В 2003 году в интервью «Известиям» генерал Трошев, отвечая на вопрос, почему он взялся за написание книги о войнах в Чечне именно сейчас, сказал: «Кому нужна моя книга лет через десять? Одному Богу известно, сколько мне еще жить на этом свете. Чего ждать? Я чувствую — книга нужна сегодня, сейчас. Пока родные и близкие погибших на войне ребят задаются вопросами: за что и как они сражались, кто в этом виноват? А вы предлагаете мне ждать пенсии, чтобы обезопасить себя от начальственного гнева » После этих слов генерал прожил пять лет. 14 сентября 2008 года он летел из Москвы в Пермь в том самом самолете, который разбился при заходе на посадку в аэропорту Перми, похоронив под своими обломками 88 человек. По одной из версий, которая активно обсуждается на российских интернет-сайтах, авиакатастрофа была якобы не случайной, а спланированной акцией, направленной на уничтожение Геннадия Трошева, едва ли не самого известного военного в России. Бывший командующий Северо-Кавказским военным округом, Герой России генерал-полковник Геннадий Трошев был одним из командиров российской армии в обеих чеченских кампаниях, но после второй его «разжаловали», назначив главным казаком страны. В России говорят, что в отместку за откровенность генерала, с которой он описал ход военных кампаний в Чечне в своей книге «Моя война. Чеченский дневник окопного генерала». Те, кто выдвигают подобные предположения, очень сомневаются, что версия о покушении на Трошева, летевшего рейсом «Москва-Пермь», подтвердится. А насколько предположения обоснованны, «ФАКТЫ» предлагают читателям сделать вывод самостоятельно, публикуя фрагменты книги Геннадия Трошева, которая вышла в издательстве «Вагриус» и стала настоящим бестселлером в России — она уже четырежды переиздана.
«В мирное время все хорошие, умные, смелые, а когда начались боевые действия — в кусты. Такое бывает и у генералов»
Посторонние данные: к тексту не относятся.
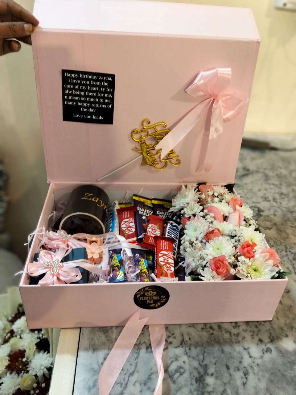 An elegant birthday hamper featuring soft pink florals, delicious chocolates, a personalized mug, and charming gift items—presented in a reusable keepsake box with a heartfelt note inside.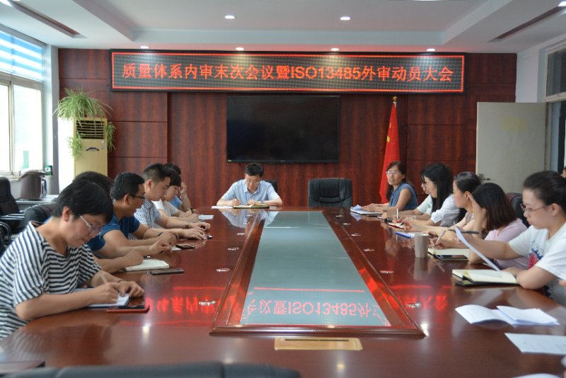 6月17日,我厂(中心)在六层会议室召开2019年质量管理体系内审末次会议暨ISO13485外审动员会议。厂管理者代表阎洁主持会议,党总支书记张志遥出席会议,各部门经理、质量员、内审员参加了会议。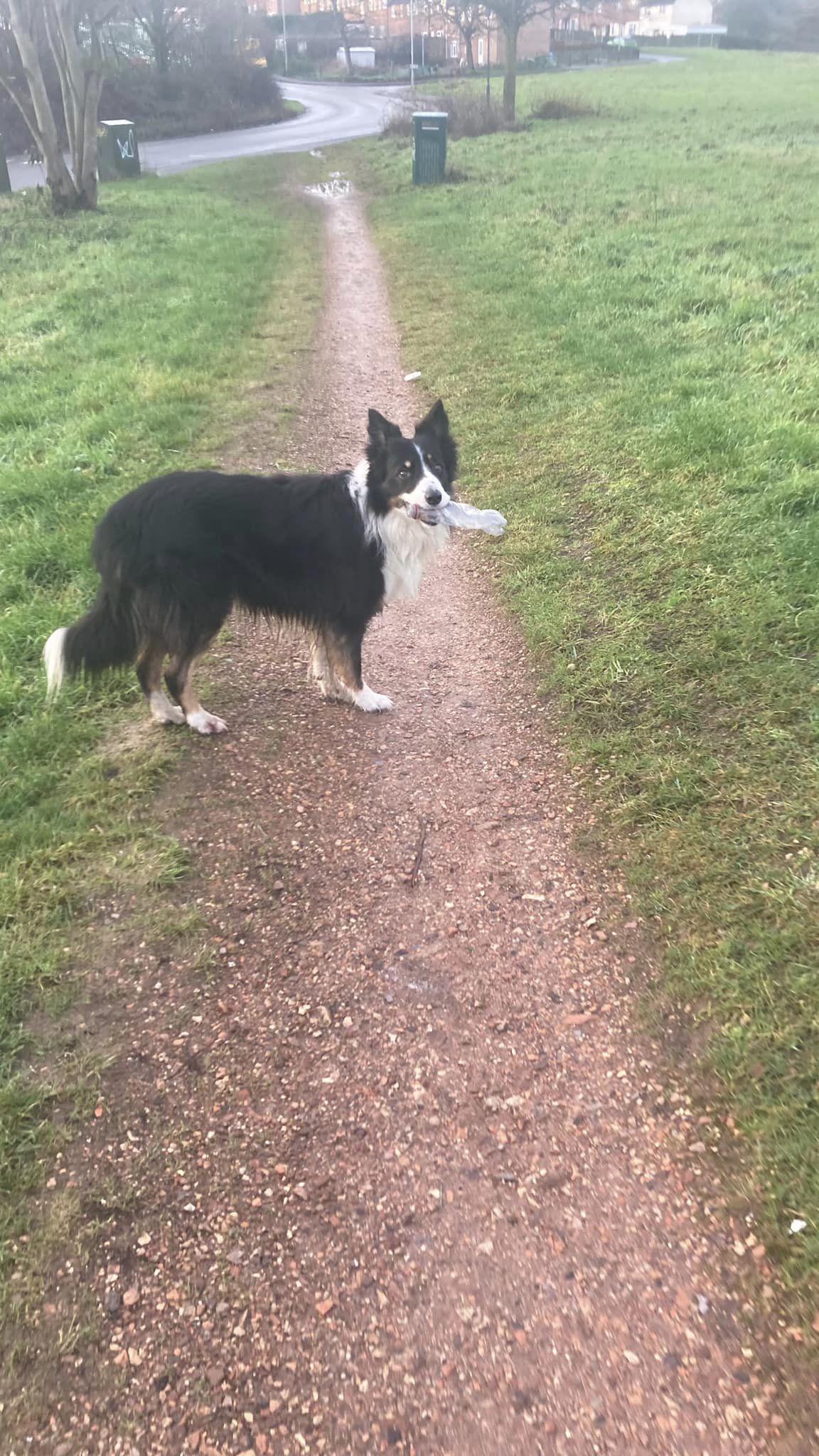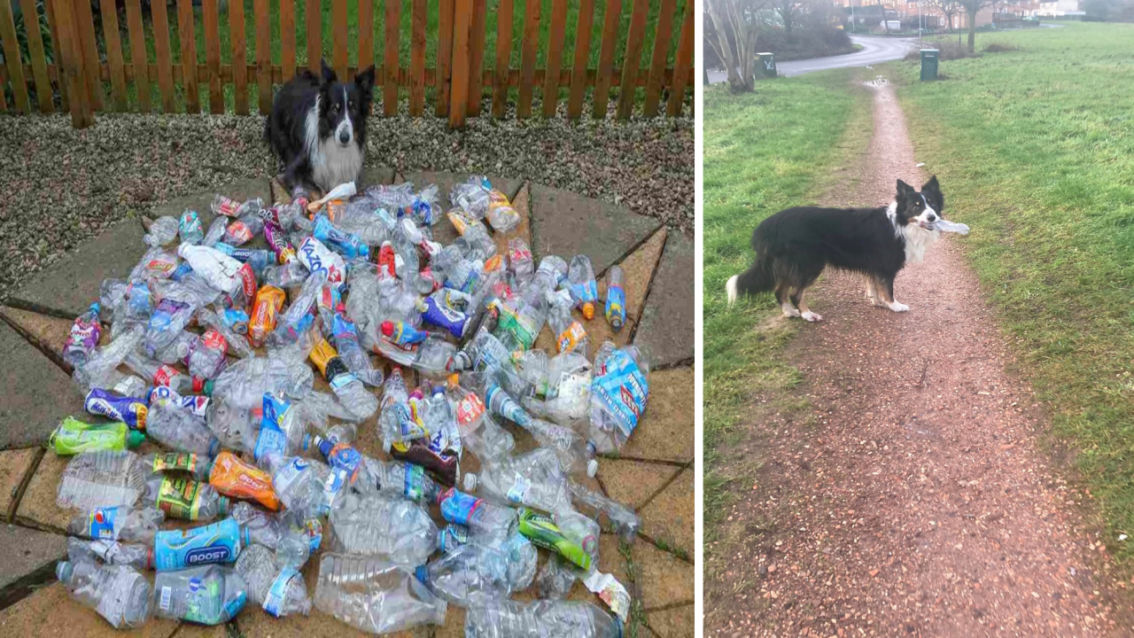 환경 보호를 위해서 산책하는 동안 거리에 있는 이것들을 모두 수거하는 강아지

« Любые войны начинают и заканчивают политики. Можно ли считать принятое в декабре 94-го политическое решение о вводе федеральных войск в Чечню авантюрой? В какой-то мере — да. Начиная с 1991 года, когда Джохар Дудаев (президент самопровозглашенной республики Ичкерия. — Ред. ) пришел к власти, в республике царили хаос и произвол. А после того как Чечню покинули части Российской армии (1992 год), оставив огромное количество боевой техники, склады боеприпасов, — стало ясно, что новый чеченский правитель рано или поздно воспользуется этим арсеналом. И действительно, генерал сразу же стал создавать свои вооруженные силы, исподволь готовиться к войне. А в Москве политики делали вид, будто ничего особенного не происходит. Пока ситуация не дошла до точки взаимного неприятия И в штабы федеральных войск ушли директивы о подготовке и проведении операции по уничтожению вооруженных бандформирований. На рассвете 11 декабря 1994 года наш сводный отряд начал движение в Чечню.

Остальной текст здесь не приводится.